### Task to carry out
What is needed is a verbatim copy of every record below, with the pictures left out.

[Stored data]
---

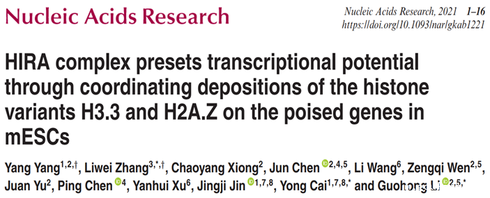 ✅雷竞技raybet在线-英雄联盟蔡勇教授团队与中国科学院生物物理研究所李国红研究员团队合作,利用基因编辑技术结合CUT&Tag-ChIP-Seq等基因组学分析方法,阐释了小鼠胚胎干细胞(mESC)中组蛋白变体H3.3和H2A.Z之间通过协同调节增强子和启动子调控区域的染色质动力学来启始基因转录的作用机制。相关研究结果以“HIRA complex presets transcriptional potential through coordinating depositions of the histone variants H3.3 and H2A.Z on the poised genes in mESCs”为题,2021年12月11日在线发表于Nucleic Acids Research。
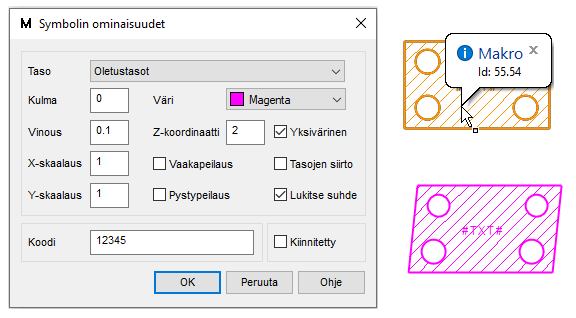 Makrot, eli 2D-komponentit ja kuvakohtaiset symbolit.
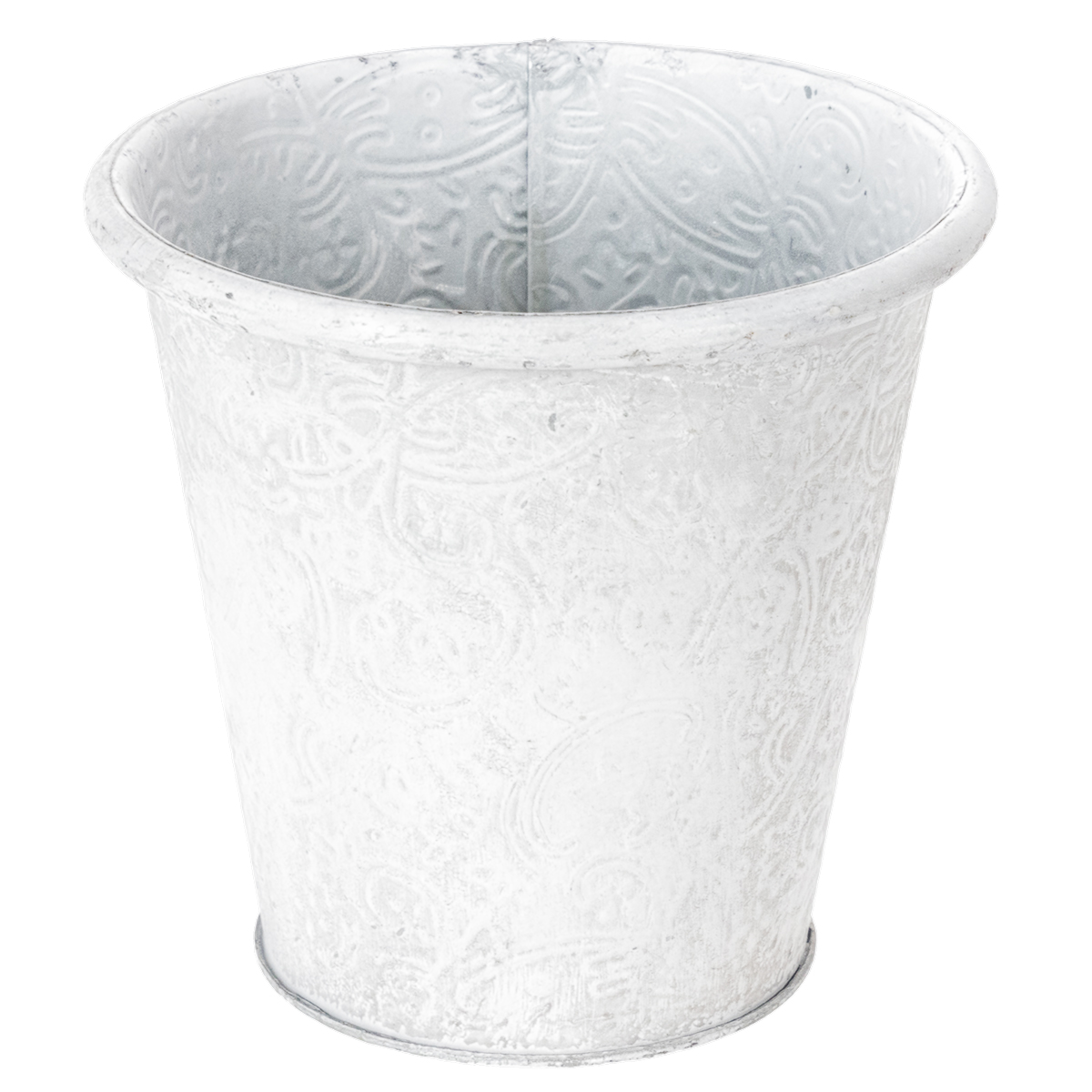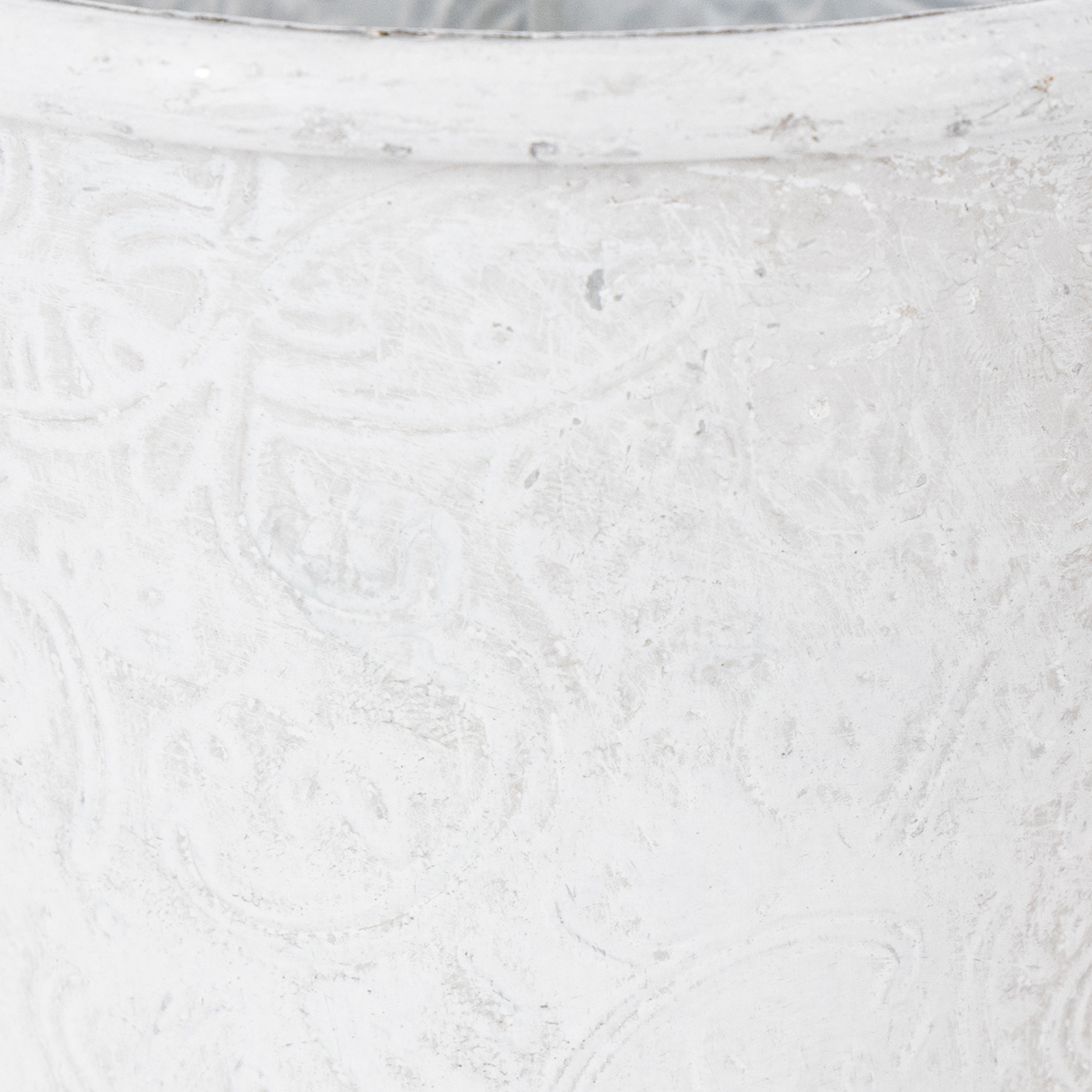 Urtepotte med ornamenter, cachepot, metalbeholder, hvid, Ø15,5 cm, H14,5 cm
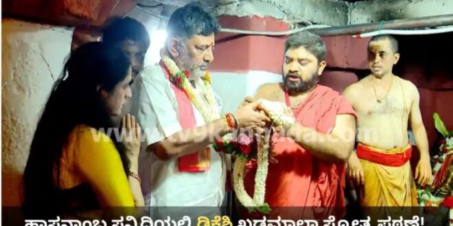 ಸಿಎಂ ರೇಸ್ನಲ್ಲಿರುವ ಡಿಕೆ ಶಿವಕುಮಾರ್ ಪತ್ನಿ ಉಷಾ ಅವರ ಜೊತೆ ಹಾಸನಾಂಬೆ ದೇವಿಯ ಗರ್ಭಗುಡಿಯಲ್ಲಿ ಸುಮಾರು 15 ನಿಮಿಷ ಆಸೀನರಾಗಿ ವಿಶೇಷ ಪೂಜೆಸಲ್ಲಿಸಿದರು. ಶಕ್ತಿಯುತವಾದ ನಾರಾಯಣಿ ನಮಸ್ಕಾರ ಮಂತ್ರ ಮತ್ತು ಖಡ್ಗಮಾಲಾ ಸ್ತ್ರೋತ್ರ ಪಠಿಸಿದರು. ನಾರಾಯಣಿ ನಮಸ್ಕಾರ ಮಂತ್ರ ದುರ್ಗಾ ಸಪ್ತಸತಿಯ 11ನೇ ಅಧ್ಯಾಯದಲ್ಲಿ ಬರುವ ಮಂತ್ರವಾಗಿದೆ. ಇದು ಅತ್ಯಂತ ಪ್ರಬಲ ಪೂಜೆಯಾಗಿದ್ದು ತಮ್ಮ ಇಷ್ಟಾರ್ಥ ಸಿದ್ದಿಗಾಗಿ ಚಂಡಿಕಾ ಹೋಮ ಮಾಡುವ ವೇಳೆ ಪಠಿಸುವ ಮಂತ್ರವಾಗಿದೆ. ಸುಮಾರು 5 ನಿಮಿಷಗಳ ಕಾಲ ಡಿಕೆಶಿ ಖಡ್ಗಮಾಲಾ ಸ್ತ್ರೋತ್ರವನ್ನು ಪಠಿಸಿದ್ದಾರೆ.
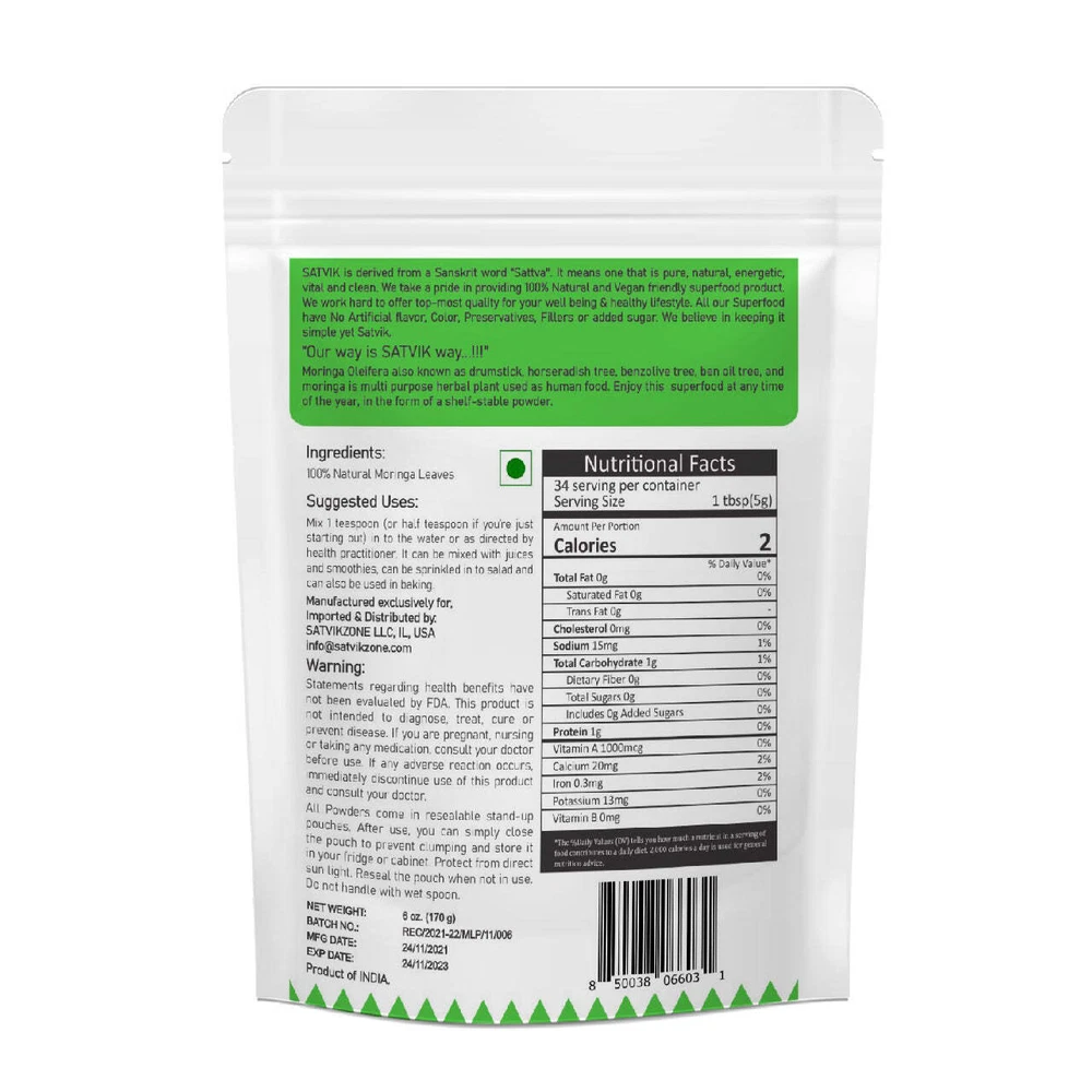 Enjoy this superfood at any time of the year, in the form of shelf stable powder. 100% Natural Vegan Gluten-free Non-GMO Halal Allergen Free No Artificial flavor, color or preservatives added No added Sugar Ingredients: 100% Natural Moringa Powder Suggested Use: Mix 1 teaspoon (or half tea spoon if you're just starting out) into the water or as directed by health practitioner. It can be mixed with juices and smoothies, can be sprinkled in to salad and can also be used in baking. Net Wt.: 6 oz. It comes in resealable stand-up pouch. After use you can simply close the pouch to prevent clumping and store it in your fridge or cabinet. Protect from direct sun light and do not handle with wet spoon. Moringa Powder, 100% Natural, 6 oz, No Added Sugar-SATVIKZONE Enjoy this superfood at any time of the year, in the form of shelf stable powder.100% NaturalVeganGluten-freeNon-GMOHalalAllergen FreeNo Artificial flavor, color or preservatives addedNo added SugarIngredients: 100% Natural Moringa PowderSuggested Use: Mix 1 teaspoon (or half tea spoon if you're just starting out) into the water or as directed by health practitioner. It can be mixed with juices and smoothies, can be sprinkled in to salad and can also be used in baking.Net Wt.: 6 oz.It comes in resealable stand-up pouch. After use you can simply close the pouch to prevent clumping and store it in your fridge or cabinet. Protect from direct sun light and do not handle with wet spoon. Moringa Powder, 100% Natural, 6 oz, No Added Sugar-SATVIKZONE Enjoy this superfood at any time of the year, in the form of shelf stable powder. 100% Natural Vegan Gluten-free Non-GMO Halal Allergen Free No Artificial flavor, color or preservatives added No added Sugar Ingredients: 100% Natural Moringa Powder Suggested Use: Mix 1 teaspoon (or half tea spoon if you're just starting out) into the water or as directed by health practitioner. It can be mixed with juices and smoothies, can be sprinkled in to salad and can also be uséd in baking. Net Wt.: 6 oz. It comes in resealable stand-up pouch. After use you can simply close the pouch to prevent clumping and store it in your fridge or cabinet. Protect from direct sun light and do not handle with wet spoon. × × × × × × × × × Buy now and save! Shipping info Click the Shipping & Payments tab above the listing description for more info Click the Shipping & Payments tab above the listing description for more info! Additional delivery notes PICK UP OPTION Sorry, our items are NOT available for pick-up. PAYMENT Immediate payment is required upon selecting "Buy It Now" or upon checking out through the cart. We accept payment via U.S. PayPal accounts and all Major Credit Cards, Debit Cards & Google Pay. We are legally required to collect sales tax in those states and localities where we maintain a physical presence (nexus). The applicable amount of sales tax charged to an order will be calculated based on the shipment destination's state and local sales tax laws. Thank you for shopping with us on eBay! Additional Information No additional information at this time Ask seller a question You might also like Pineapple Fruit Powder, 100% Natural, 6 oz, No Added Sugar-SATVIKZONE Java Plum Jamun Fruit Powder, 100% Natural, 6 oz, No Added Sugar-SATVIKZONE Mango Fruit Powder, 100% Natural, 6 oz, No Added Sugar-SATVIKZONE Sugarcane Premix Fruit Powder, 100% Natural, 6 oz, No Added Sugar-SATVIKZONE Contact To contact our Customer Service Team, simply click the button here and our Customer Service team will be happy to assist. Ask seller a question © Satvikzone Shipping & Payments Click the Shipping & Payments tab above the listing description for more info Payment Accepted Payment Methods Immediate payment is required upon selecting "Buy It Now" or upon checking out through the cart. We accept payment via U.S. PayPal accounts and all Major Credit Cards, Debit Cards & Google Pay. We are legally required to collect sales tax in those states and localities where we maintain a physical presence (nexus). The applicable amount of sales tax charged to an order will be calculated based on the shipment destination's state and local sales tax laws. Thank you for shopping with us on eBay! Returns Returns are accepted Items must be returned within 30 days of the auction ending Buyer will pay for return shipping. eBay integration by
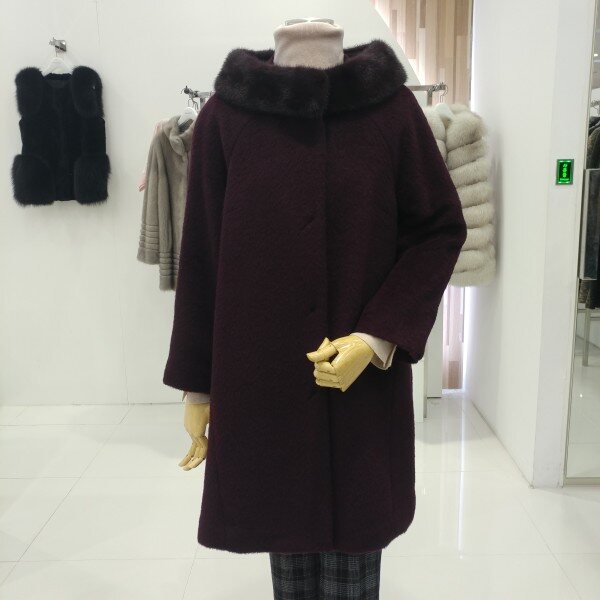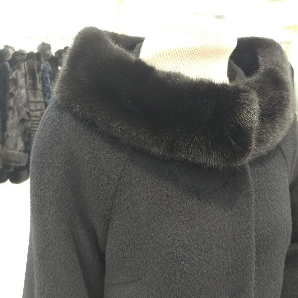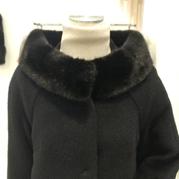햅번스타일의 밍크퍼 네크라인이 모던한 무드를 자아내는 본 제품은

---

### Task solution
 ✅雷竞技raybet在线-英雄联盟蔡勇教授团队与中国科学院生物物理研究所李国红研究员团队合作,利用基因编辑技术结合CUT&Tag-ChIP-Seq等基因组学分析方法,阐释了小鼠胚胎干细胞(mESC)中组蛋白变体H3.3和H2A.Z之间通过协同调节增强子和启动子调控区域的染色质动力学来启始基因转录的作用机制。相关研究结果以“HIRA complex presets transcriptional potential through coordinating depositions of the histone variants H3.3 and H2A.Z on the poised genes in mESCs”为题,2021年12月11日在线发表于Nucleic Acids Research。
 Makrot, eli 2D-komponentit ja kuvakohtaiset symbolit.
 Urtepotte med ornamenter, cachepot, metalbeholder, hvid, Ø15,5 cm, H14,5 cm
 ಸಿಎಂ ರೇಸ್ನಲ್ಲಿರುವ ಡಿಕೆ ಶಿವಕುಮಾರ್ ಪತ್ನಿ ಉಷಾ ಅವರ ಜೊತೆ ಹಾಸನಾಂಬೆ ದೇವಿಯ ಗರ್ಭಗುಡಿಯಲ್ಲಿ ಸುಮಾರು 15 ನಿಮಿಷ ಆಸೀನರಾಗಿ ವಿಶೇಷ ಪೂಜೆಸಲ್ಲಿಸಿದರು. ಶಕ್ತಿಯುತವಾದ ನಾರಾಯಣಿ ನಮಸ್ಕಾರ ಮಂತ್ರ ಮತ್ತು ಖಡ್ಗಮಾಲಾ ಸ್ತ್ರೋತ್ರ ಪಠಿಸಿದರು. ನಾರಾಯಣಿ ನಮಸ್ಕಾರ ಮಂತ್ರ ದುರ್ಗಾ ಸಪ್ತಸತಿಯ 11ನೇ ಅಧ್ಯಾಯದಲ್ಲಿ ಬರುವ ಮಂತ್ರವಾಗಿದೆ. ಇದು ಅತ್ಯಂತ ಪ್ರಬಲ ಪೂಜೆಯಾಗಿದ್ದು ತಮ್ಮ ಇಷ್ಟಾರ್ಥ ಸಿದ್ದಿಗಾಗಿ ಚಂಡಿಕಾ ಹೋಮ ಮಾಡುವ ವೇಳೆ ಪಠಿಸುವ ಮಂತ್ರವಾಗಿದೆ. ಸುಮಾರು 5 ನಿಮಿಷಗಳ ಕಾಲ ಡಿಕೆಶಿ ಖಡ್ಗಮಾಲಾ ಸ್ತ್ರೋತ್ರವನ್ನು ಪಠಿಸಿದ್ದಾರೆ.
 Enjoy this superfood at any time of the year, in the form of shelf stable powder. 100% Natural Vegan Gluten-free Non-GMO Halal Allergen Free No Artificial flavor, color or preservatives added No added Sugar Ingredients: 100% Natural Moringa Powder Suggested Use: Mix 1 teaspoon (or half tea spoon if you're just starting out) into the water or as directed by health practitioner. It can be mixed with juices and smoothies, can be sprinkled in to salad and can also be used in baking. Net Wt.: 6 oz. It comes in resealable stand-up pouch. After use you can simply close the pouch to prevent clumping and store it in your fridge or cabinet. Protect from direct sun light and do not handle with wet spoon. Moringa Powder, 100% Natural, 6 oz, No Added Sugar-SATVIKZONE Enjoy this superfood at any time of the year, in the form of shelf stable powder.100% NaturalVeganGluten-freeNon-GMOHalalAllergen FreeNo Artificial flavor, color or preservatives addedNo added SugarIngredients: 100% Natural Moringa PowderSuggested Use: Mix 1 teaspoon (or half tea spoon if you're just starting out) into the water or as directed by health practitioner. It can be mixed with juices and smoothies, can be sprinkled in to salad and can also be used in baking.Net Wt.: 6 oz.It comes in resealable stand-up pouch. After use you can simply close the pouch to prevent clumping and store it in your fridge or cabinet. Protect from direct sun light and do not handle with wet spoon. Moringa Powder, 100% Natural, 6 oz, No Added Sugar-SATVIKZONE Enjoy this superfood at any time of the year, in the form of shelf stable powder. 100% Natural Vegan Gluten-free Non-GMO Halal Allergen Free No Artificial flavor, color or preservatives added No added Sugar Ingredients: 100% Natural Moringa Powder Suggested Use: Mix 1 teaspoon (or half tea spoon if you're just starting out) into the water or as directed by health practitioner. It can be mixed with juices and smoothies, can be sprinkled in to salad and can also be uséd in baking. Net Wt.: 6 oz. It comes in resealable stand-up pouch. After use you can simply close the pouch to prevent clumping and store it in your fridge or cabinet. Protect from direct sun light and do not handle with wet spoon. × × × × × × × × × Buy now and save! Shipping info Click the Shipping & Payments tab above the listing description for more info Click the Shipping & Payments tab above the listing description for more info! Additional delivery notes PICK UP OPTION Sorry, our items are NOT available for pick-up. PAYMENT Immediate payment is required upon selecting "Buy It Now" or upon checking out through the cart. We accept payment via U.S. PayPal accounts and all Major Credit Cards, Debit Cards & Google Pay. We are legally required to collect sales tax in those states and localities where we maintain a physical presence (nexus). The applicable amount of sales tax charged to an order will be calculated based on the shipment destination's state and local sales tax laws. Thank you for shopping with us on eBay! Additional Information No additional information at this time Ask seller a question You might also like Pineapple Fruit Powder, 100% Natural, 6 oz, No Added Sugar-SATVIKZONE Java Plum Jamun Fruit Powder, 100% Natural, 6 oz, No Added Sugar-SATVIKZONE Mango Fruit Powder, 100% Natural, 6 oz, No Added Sugar-SATVIKZONE Sugarcane Premix Fruit Powder, 100% Natural, 6 oz, No Added Sugar-SATVIKZONE Contact To contact our Customer Service Team, simply click the button here and our Customer Service team will be happy to assist. Ask seller a question © Satvikzone Shipping & Payments Click the Shipping & Payments tab above the listing description for more info Payment Accepted Payment Methods Immediate payment is required upon selecting "Buy It Now" or upon checking out through the cart. We accept payment via U.S. PayPal accounts and all Major Credit Cards, Debit Cards & Google Pay. We are legally required to collect sales tax in those states and localities where we maintain a physical presence (nexus). The applicable amount of sales tax charged to an order will be calculated based on the shipment destination's state and local sales tax laws. Thank you for shopping with us on eBay! Returns Returns are accepted Items must be returned within 30 days of the auction ending Buyer will pay for return shipping. eBay integration by
햅번스타일의 밍크퍼 네크라인이 모던한 무드를 자아내는 본 제품은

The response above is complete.